Currently located on Vancouver Island, the service, supported by Shared Care, attaches BC residents to physicians for cancer screening and results. If the results are negative, the patient is discharged from CanScreen and returns to the unattached population. If cancer is discovered, or more testing is required, the patient is attached and supported by Drs Shapiro and Bax for the duration of their care.

"The project dramatically enhances cancer care for unattached patients and fills a very obvious gap in the provision of cancer screening," Dr Shapiro says. "We order the ultrasound, the MRIs, the CT scans, and lab work for all the patients that get diagnosed with cancer.
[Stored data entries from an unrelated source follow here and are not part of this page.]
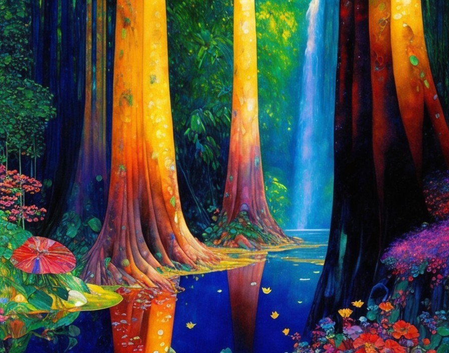 3D watercolor, fantastic Wide view, in the very best style of Gustav Klimt, a spectacular sunrise reflected in a beautiful rainforest river, satiny, high quality, shimmering, with vibrant saturated colors, elegant, highly detailed, glistening magic style, by Alphonse Mucha
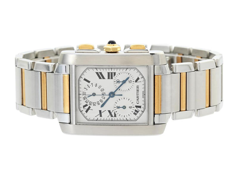 CARTIER, Tank Francaise, Cal 212 P, Ref nr. W51001Q4, Boett nr. BB303006 / 2303, kronograf, herrur, 28 x 28 (36) mm, stål/guld, quartz (Chronoreflex), safirglas, datum, originallänk, viklås, Ref nr. UFEB, cert, januari 2000, box (skadad)
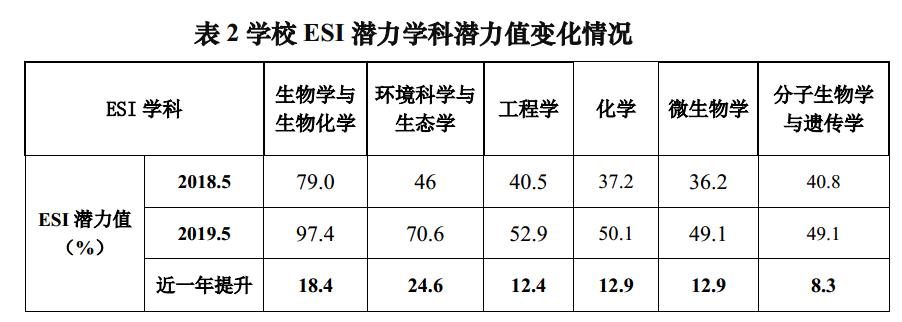 生物学与生物化学,环境科学与生态学两个ESI潜力学科学术提升显著,距ESI全球前1%的达成度有较大进展,较去年同期提升了18.4%和24.6%,其中生物学与生物化学的潜力值已高达97.4%。另外,工程学、化学、微生物学和分子生物学与遗传学4个ESI学科的潜力值也稳步提升。

We support them."

Dr Shapiro says the service was born out of necessity, with an "overwhelming demand for visits that could never be met."

There is often no time dedicated to prevention or screening. With such demand for appointments, many unattached patients are going unscreened or receive a late-stage diagnosis in the emergency department, Dr Shapiro says.

Since the CanScreen service started, the two physicians have assessed almost 2,500 patients and offered more than 2,000 screening tests. They have also detected at least 13 cancers, most of them breast cancers from mammogram screenings and a handful of colon or colorectal cancers.

"We picked up most of these patients at a relatively early stage where they're treatable and have a very good prognosis," Dr Shapiro says. "The whole idea is we catch people early enough, so they do not have to present later with a big breast lump or rectal bleeding that's going to lead to a diagnosis and potentially more aggressive treatment or treatment protocol. The service is working as intended."

Following CanScreen's success, Shared Care projects supporting cancer screening for unattached patients are underway in the Cariboo-Chilcotin and South Okanagan-Similkameen regions.